### Exercise:
The response should contain all of the records, copied exactly, and none of the images.

*** Opening of Supplied data ***

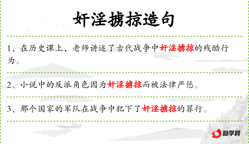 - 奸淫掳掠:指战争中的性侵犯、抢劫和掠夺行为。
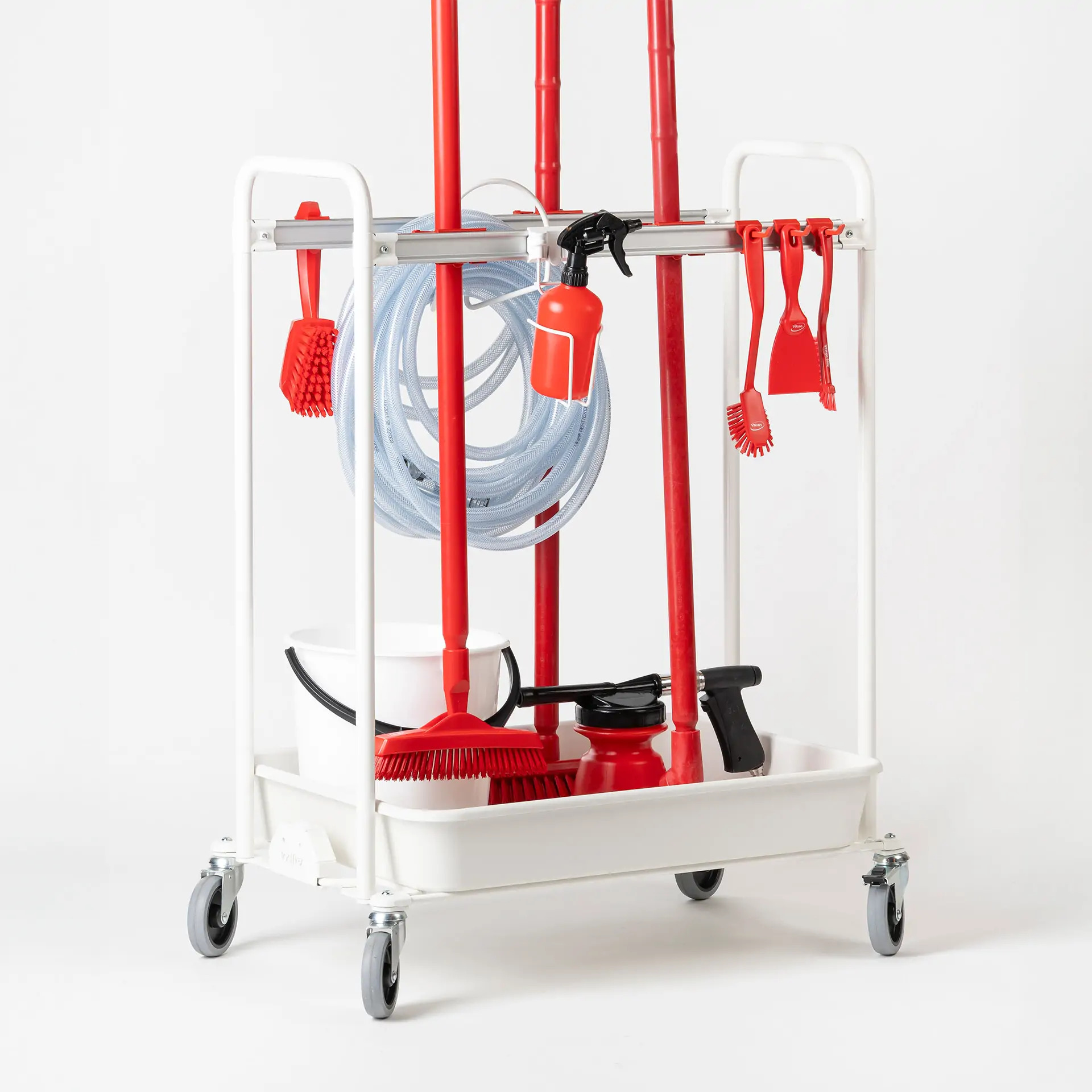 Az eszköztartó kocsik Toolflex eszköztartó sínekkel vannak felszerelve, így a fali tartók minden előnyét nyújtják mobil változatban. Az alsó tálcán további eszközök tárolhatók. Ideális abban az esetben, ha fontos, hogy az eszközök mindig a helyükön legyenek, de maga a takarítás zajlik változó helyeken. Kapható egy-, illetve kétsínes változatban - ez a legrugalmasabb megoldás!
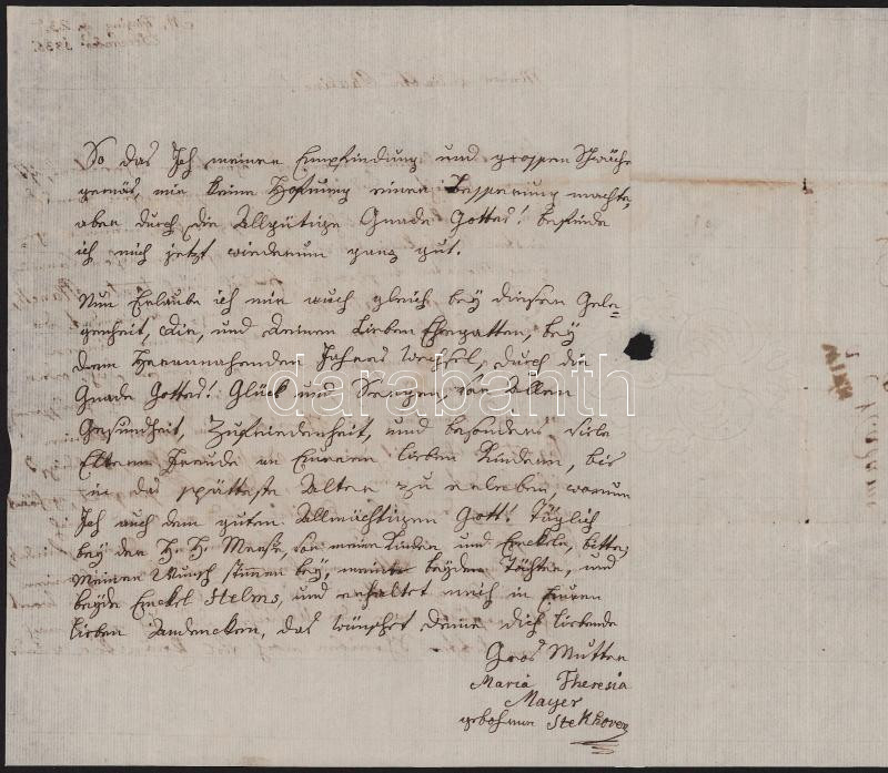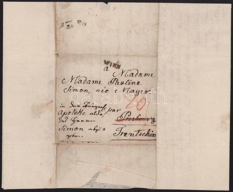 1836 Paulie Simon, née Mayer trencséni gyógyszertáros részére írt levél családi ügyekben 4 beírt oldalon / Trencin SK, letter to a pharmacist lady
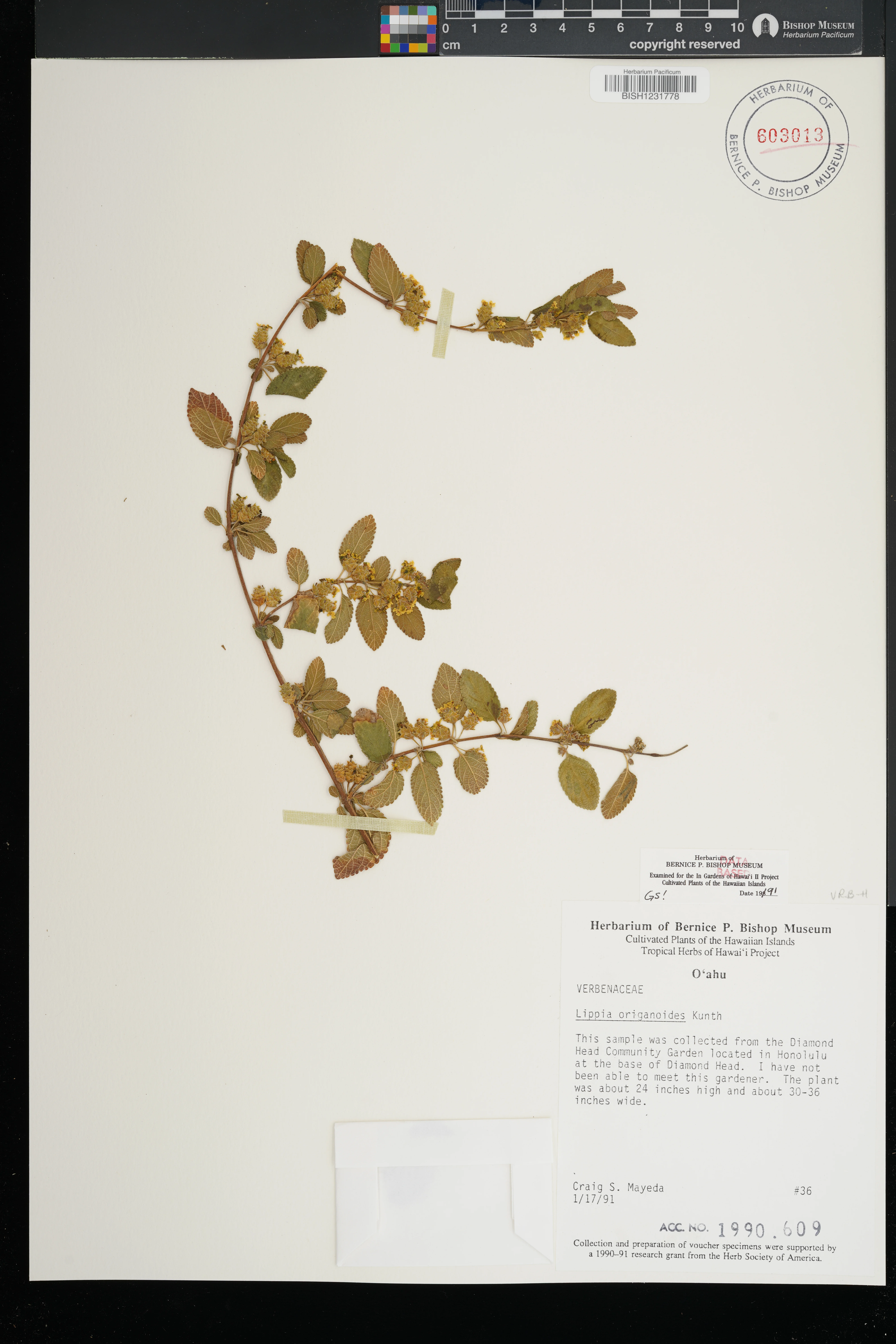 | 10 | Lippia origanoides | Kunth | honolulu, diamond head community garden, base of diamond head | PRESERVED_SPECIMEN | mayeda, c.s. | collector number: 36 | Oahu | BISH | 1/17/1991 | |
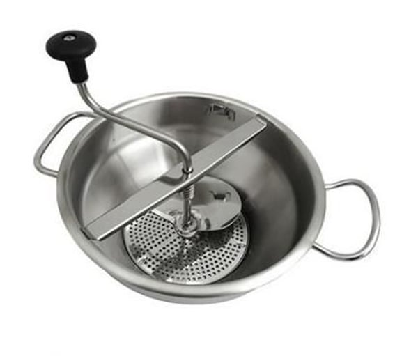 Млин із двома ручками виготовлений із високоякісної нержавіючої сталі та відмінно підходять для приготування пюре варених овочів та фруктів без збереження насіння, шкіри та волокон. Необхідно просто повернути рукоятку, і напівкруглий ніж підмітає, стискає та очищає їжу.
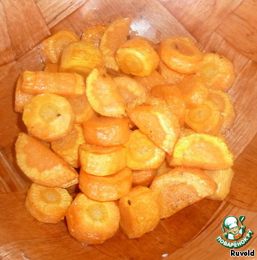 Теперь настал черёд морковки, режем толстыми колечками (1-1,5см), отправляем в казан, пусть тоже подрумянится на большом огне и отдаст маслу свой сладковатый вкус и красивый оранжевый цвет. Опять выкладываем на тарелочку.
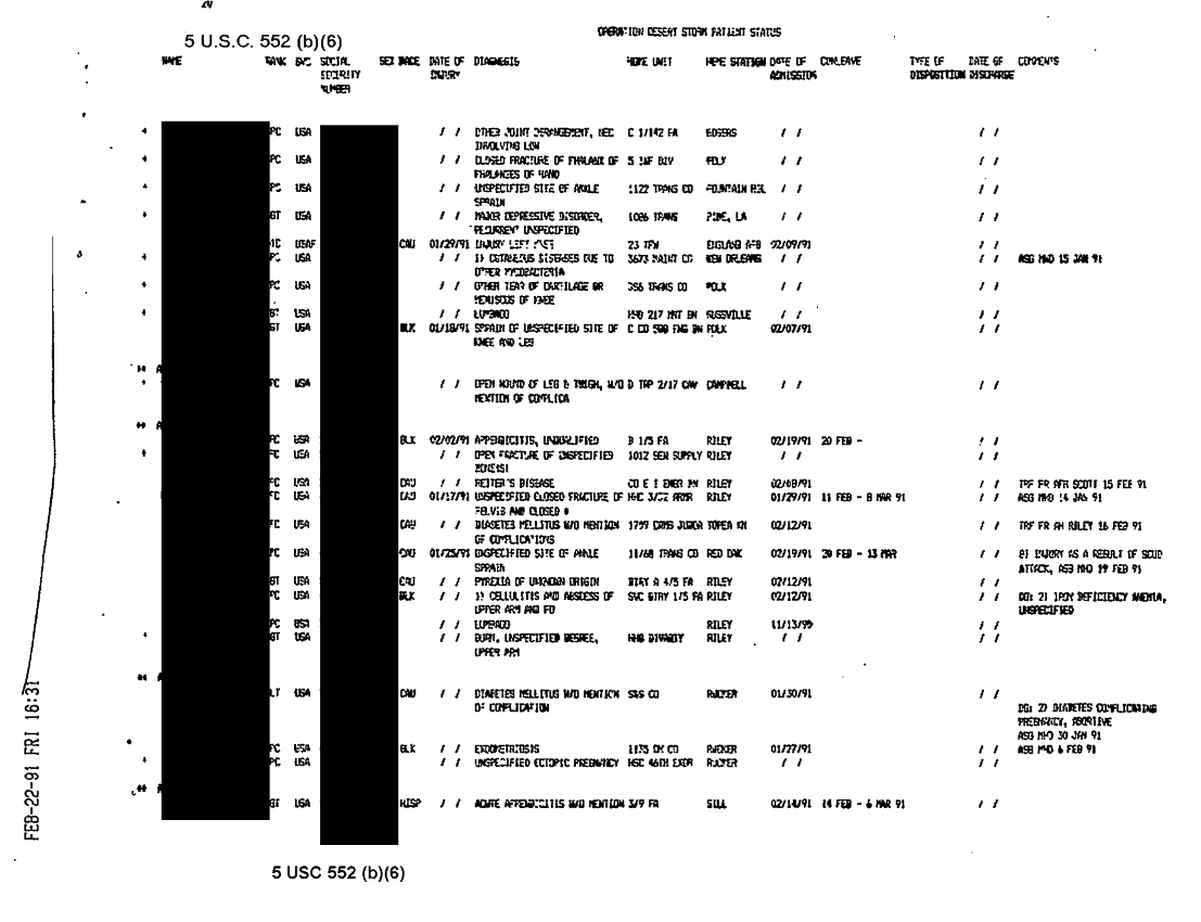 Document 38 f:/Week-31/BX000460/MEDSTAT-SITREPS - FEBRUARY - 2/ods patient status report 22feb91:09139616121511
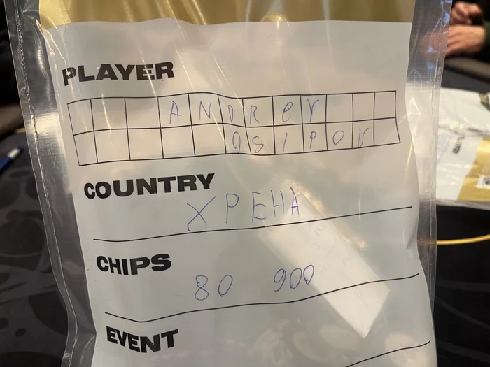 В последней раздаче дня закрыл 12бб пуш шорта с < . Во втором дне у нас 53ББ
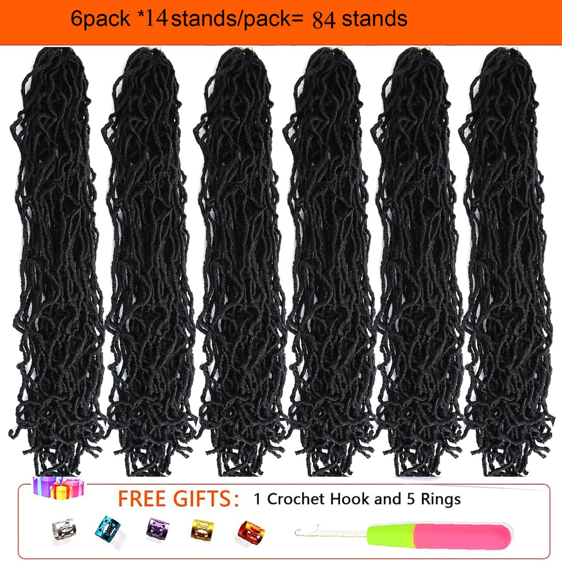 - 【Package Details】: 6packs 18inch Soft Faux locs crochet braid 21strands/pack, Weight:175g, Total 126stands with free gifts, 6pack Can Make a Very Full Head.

*** Close of Supplied data ***

### Answer to this task:
 - 奸淫掳掠:指战争中的性侵犯、抢劫和掠夺行为。
 Az eszköztartó kocsik Toolflex eszköztartó sínekkel vannak felszerelve, így a fali tartók minden előnyét nyújtják mobil változatban. Az alsó tálcán további eszközök tárolhatók. Ideális abban az esetben, ha fontos, hogy az eszközök mindig a helyükön legyenek, de maga a takarítás zajlik változó helyeken. Kapható egy-, illetve kétsínes változatban - ez a legrugalmasabb megoldás!
 1836 Paulie Simon, née Mayer trencséni gyógyszertáros részére írt levél családi ügyekben 4 beírt oldalon / Trencin SK, letter to a pharmacist lady
 | 10 | Lippia origanoides | Kunth | honolulu, diamond head community garden, base of diamond head | PRESERVED_SPECIMEN | mayeda, c.s. | collector number: 36 | Oahu | BISH | 1/17/1991 | |
 Млин із двома ручками виготовлений із високоякісної нержавіючої сталі та відмінно підходять для приготування пюре варених овочів та фруктів без збереження насіння, шкіри та волокон. Необхідно просто повернути рукоятку, і напівкруглий ніж підмітає, стискає та очищає їжу.
 Теперь настал черёд морковки, режем толстыми колечками (1-1,5см), отправляем в казан, пусть тоже подрумянится на большом огне и отдаст маслу свой сладковатый вкус и красивый оранжевый цвет. Опять выкладываем на тарелочку.
 Document 38 f:/Week-31/BX000460/MEDSTAT-SITREPS - FEBRUARY - 2/ods patient status report 22feb91:09139616121511
 В последней раздаче дня закрыл 12бб пуш шорта с < . Во втором дне у нас 53ББ
 - 【Package Details】: 6packs 18inch Soft Faux locs crochet braid 21strands/pack, Weight:175g, Total 126stands with free gifts, 6pack Can Make a Very Full Head.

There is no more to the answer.